Implicit narrowing occurs only for byte, char, short, and int. Remember that it does not occur for long, float, or double. So, this will not compile: int i = 129L; However, an implicit widening conversion from long to a float or a double is valid:

long l = 10L;
float f = l; //valid
double d = l; //valid

Question 17

What will the following code print?

public class TestClass{
static char ch;
static float f;
static boolean bool;
public static void main(String[] args){
System.out.print(f);
System.out.print(“ “);
System.out.print(ch);
System.out.print(“ “);
System.out.print(bool);
}
}

A. 0.0 false
B. 0.0ffalse
C. 0.0 0 false
D. 0.0true
E. 0.0ftrue
F. 0.0f 0 true

Answer 17

A.

This question tests you on two aspects -

the default values that are given to variables of various primitive types. You should remember that all numeric types, including char, get the value of 0 (or 0.0 for float and double) and boolean gets the value of false.
how the value is printed by System.out.print method - java.lang.System class has a public static variable named out, which is of class java.io.PrintStream.The PrintStream class has multiple print/println methods for printing out primitive values as well as objects.
For byte, short, and int, these print/println methods simply print the integer value as it is.

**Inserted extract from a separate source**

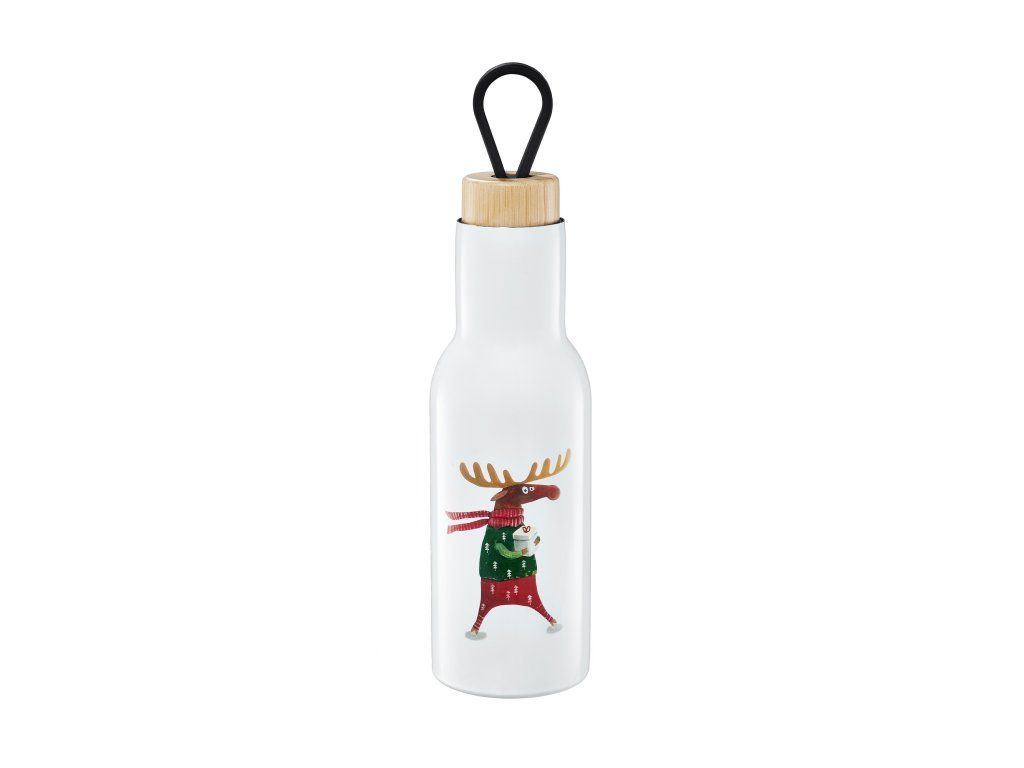 Láhev se zimním motivem je nutností v zimní sezóně a také dobrý tip na dárek. Náladu v mrazivém dni vám zlepší teplý nápoj, horký čaj nebo lahodné kakao. Nápoj si můžete vzít všude, do školy nebo na procházku. Láhev má roztomilý motiv losa a vánočního stromku. Vyrobeno z nerezové oceli. Láhev má dřevěný korkový uzávěr a silikonové poutko. Celkový objem po okraj je 400 ml.

For char, the print/println methods translate the character into one or more bytes according to the platform’s default character encoding. That is why while printing a char value of 0, a blank space is printed instead of 0 (even though the char’s integral value is 0).

For long, float, and double values, these print/println methods use the respective primitive wrapper class’s toString method to get the String representation of that primitive. For example, to print the value of a float variable f, it internally calls Float.toString(f). Now, this method doesn’t append an “f” at the end of a float value. That is why a float value of 0.0 is printed as 0.0 and not 0.0f.